Since we're running topic modeling on texts with lots of names, we'll add the Jockers list of stopwords (which includes character names) to our stoplist.

In [None]:
stop_words = {k:1 for k in stopwords.words('english')}
stop_words.update(read_stopwords("../data/jockers.stopwords"))
stop_words["'s"]=1
stop_words=list(stop_words.keys())

In [None]:
def filter(word, stopwords):
    
    """ Function to exclude words from a text """
    
    # no stopwords
    if word in stopwords:
        return False
    
    # has to contain at least one letter
    if re.search("[A-Za-z]", word) is not None:
        return True
    
    return False

In [None]:
def read_docs(inputDir, stopwords):
    """ Read in movie documents (all ending in .txt) from an input folder"""
    
    docs=[]
    names=[]
    for idx, filename in enumerate(glob.glob(os.path.join(inputDir, '*.txt'))):
        if idx >= 100:
            break
        with open(filename) as file:
            tokens=nltk.word_tokenize(file.read().lower())
            tokens=[x for x in tokens if filter(x, stopwords)]
            docs.append(tokens)
            basename=os.path.basename(filename)
            name, file_extension = os.path.splitext(basename)
            names.append(name)
    return docs, names

In [None]:
text_dir="../data/movie_summaries"
data, doc_names=read_docs(text_dir, stop_words)

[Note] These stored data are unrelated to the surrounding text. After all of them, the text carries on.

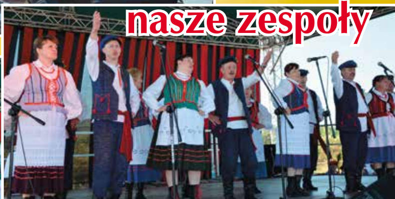
Zespół Piesni i Tańca Ciekoty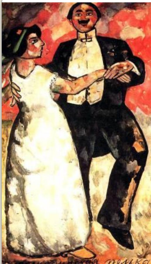
К.Малевич. Аргентинская полька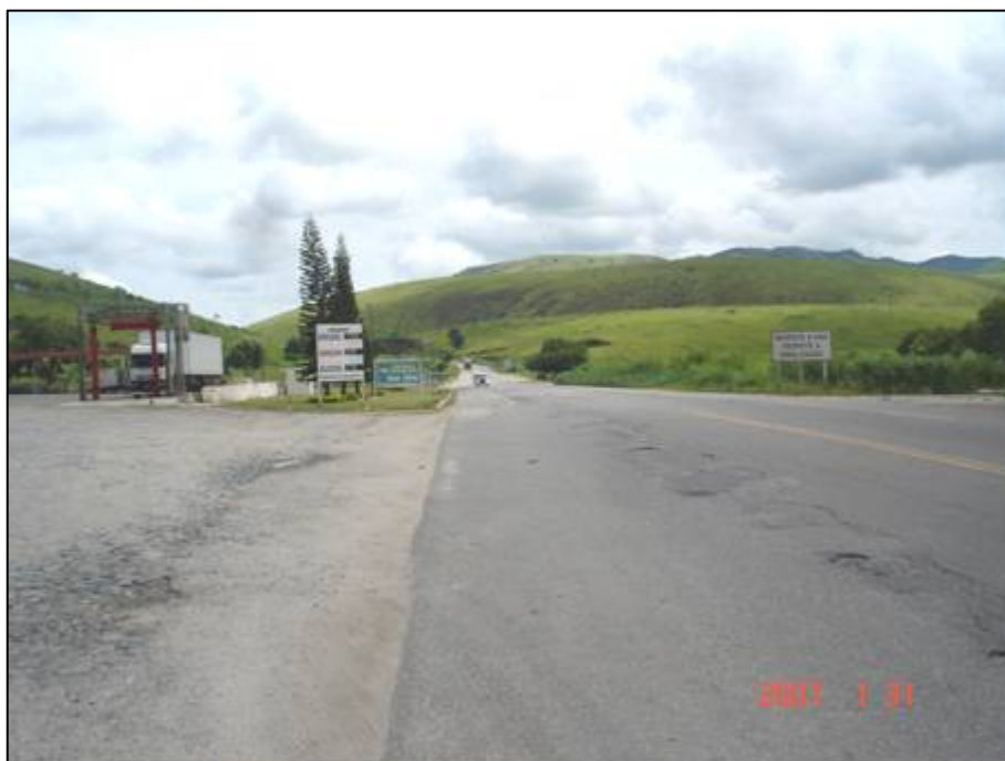
Figura 25. Próximo do km 394,0.

We will convert the movie summaries into a Bag-of-Words representation using gensim's [corpora.dictionary](https://radimrehurek.com/gensim/corpora/dictionary.html) methods.

In [None]:
# Create vocab from data; restrict vocab to only the top 10K terms that show up in at least 5 documents 
# and no more than 50% of all documents

dictionary = corpora.Dictionary(data)
dictionary.filter_extremes(no_below=5, no_above=.5, keep_n=10000)

In [None]:
# Replace dataset with numeric ids words in vocab (and exclude all other words)
corpus = [dictionary.doc2bow(text) for text in data]

In [None]:
num_topics=20

First, let's try using gensim's built-in LDA.

In [None]:
lda_model = gensim.models.ldamodel.LdaModel(corpus=corpus,
                                           id2word=dictionary,
                                           num_topics=num_topics, 
                                           passes=10,
                                           alpha='auto')

We can get a sense of what the topics are by printing the top 10 words with highest $P(word \mid topic)$ for each topic

In [None]:
for i in range(num_topics):
    print(' '.join([term for term, freq in lda_model.show_topic(i, topn=10)]))

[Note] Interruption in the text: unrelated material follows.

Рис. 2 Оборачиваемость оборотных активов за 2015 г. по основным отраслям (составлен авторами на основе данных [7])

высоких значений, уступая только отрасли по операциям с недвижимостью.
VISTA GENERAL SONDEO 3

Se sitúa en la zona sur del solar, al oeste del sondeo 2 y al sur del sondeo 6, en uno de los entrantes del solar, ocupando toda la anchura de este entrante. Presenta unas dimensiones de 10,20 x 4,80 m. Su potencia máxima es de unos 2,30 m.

Mallet is a great java package that tends to yield better results (in terms of topic coherence).  Download it from [here](http://mallet.cs.umass.edu/download.php) and point the `mallet_path` line below to its location on your computer.

In [None]:
mallet_path="/Users/mashabelyi/Downloads/mallet-2.0.8/bin/mallet"

In [None]:
ldamallet = gensim.models.wrappers.LdaMallet(mallet_path, corpus=corpus, num_topics=num_topics, id2word=dictionary)
lda_mallet_model = gensim.models.wrappers.ldamallet.malletmodel2ldamodel(ldamallet)

In [None]:
for i in range(num_topics):
    print(' '.join([term for term, freq in lda_mallet_model.show_topic(i, topn=10)]))

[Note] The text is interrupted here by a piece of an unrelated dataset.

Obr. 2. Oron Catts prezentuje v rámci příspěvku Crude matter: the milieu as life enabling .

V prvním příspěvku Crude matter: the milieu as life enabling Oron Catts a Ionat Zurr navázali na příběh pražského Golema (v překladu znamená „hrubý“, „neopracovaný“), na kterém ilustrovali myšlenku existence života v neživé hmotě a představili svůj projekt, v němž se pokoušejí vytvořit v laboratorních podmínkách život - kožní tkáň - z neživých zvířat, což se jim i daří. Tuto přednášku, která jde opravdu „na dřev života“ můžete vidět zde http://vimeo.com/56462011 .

Another way of understanding topics is to print out the documents that have the highest topic representation -- i.e., for a given topic $k$, the documents with highest $P(topic=k | document)$.  How much do the documents listed here align with your understanding of the topics?

In [None]:
topic_model=lda_mallet_model 

topic_docs=[]
for i in range(num_topics):
    topic_docs.append({})
for doc_id in range(len(corpus)):
    doc_topics=topic_model.get_document_topics(corpus[doc_id])
    for topic_num, topic_prob in doc_topics:
        topic_docs[topic_num][doc_id]=topic_prob

for i in range(num_topics):
    print("%s\n" % ' '.join([term for term, freq in topic_model.show_topic(i, topn=10)]))
    sorted_x = sorted(topic_docs[i].items(), key=operator.itemgetter(1), reverse=True)
    for k, v in sorted_x[:5]:
        print("%s\t%.3f\t%s" % (i,v,doc_names[k]))
    print()
    
    

Let's also explore topics using pyLDAvis, a visualization library.

In [None]:
pyLDAvis.enable_notebook()

In [None]:
vis = pyLDAvis.gensim.prepare(topic_model, corpus, dictionary, lambda_step=.5)

In [None]:
vis

Q1: Adapt the code above to operate on the documents you used for classification earlier in this course.    Execute the following for your trained model `lda_mallet_model` and `num_topics` so we can explore the topics that did emerge.

In [None]:
for i in range(num_topics):
    print(' '.join([term for term, freq in lda_mallet_model.show_topic(i, topn=10)]))